◆ Task to carry out: Retype the whole listing, please, keeping every line exact and dropping the pictures.

◆ Recorded data:
-- Opening Marker --

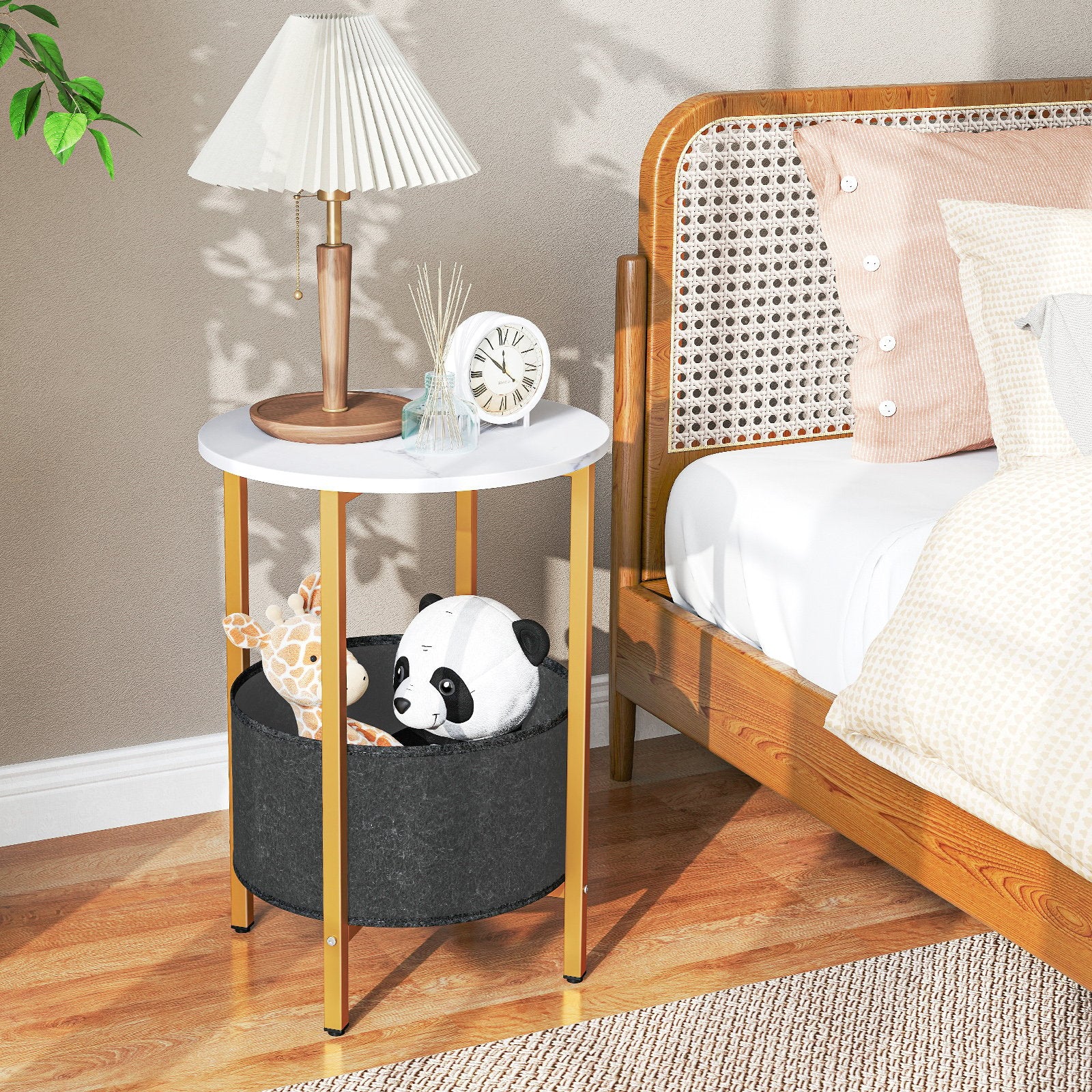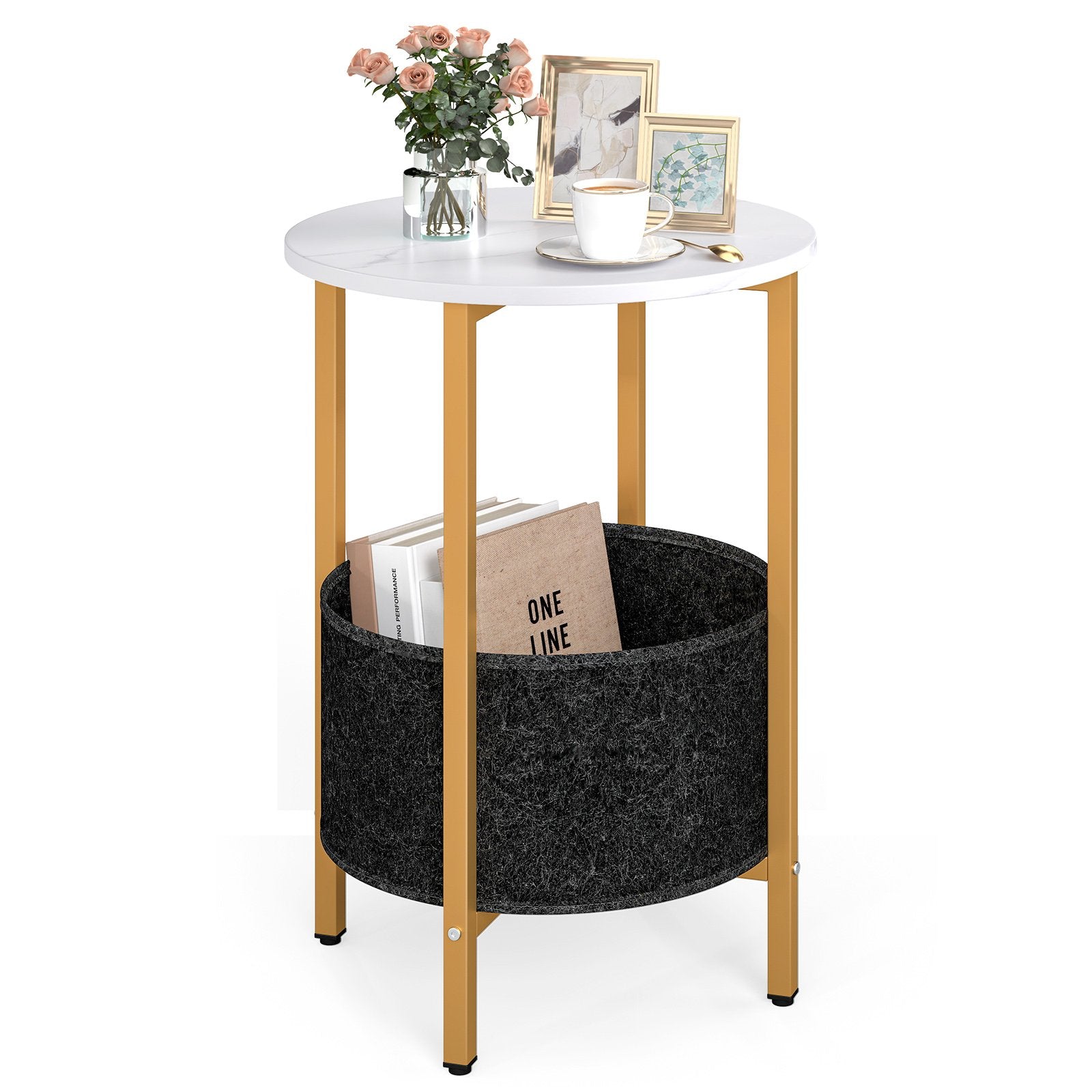 ● Ample Storage Space: The spacious 17.5" round tabletop offers ample room for your coffee books or decorations. Besides the side table boasts a felt basket underneath that ensures a tidy place to store magazines blankets or remote controls.
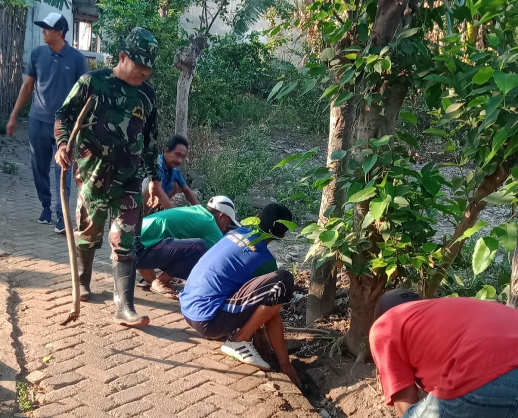 “Kami bersama warga melaksanakan kerja bakti pembersihan selokan untuk mengantisipasi terjadi banjir saat turun hujan dan kesempatan ini juga kami pergunakan untuk menghimbau warga agar selalu menjaga kebersihan lingkungannya dengan cara membuang sampah pada tempatnya, karena hujan sangat rentan dengan perkembangan nyamuk demam berdarah” jelas Babinsa
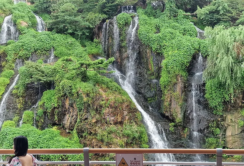 Cafe Pokpo – meaning ‘waterfall’ – is strategically situated to offer breathtaking views of the nearby Hongjecheon Artificial Waterfall, making it a perfect spot for relaxation and reflection.

-- Closing Marker --

◆ Result of the task:
 ● Ample Storage Space: The spacious 17.5" round tabletop offers ample room for your coffee books or decorations. Besides the side table boasts a felt basket underneath that ensures a tidy place to store magazines blankets or remote controls.
 “Kami bersama warga melaksanakan kerja bakti pembersihan selokan untuk mengantisipasi terjadi banjir saat turun hujan dan kesempatan ini juga kami pergunakan untuk menghimbau warga agar selalu menjaga kebersihan lingkungannya dengan cara membuang sampah pada tempatnya, karena hujan sangat rentan dengan perkembangan nyamuk demam berdarah” jelas Babinsa
 Cafe Pokpo – meaning ‘waterfall’ – is strategically situated to offer breathtaking views of the nearby Hongjecheon Artificial Waterfall, making it a perfect spot for relaxation and reflection.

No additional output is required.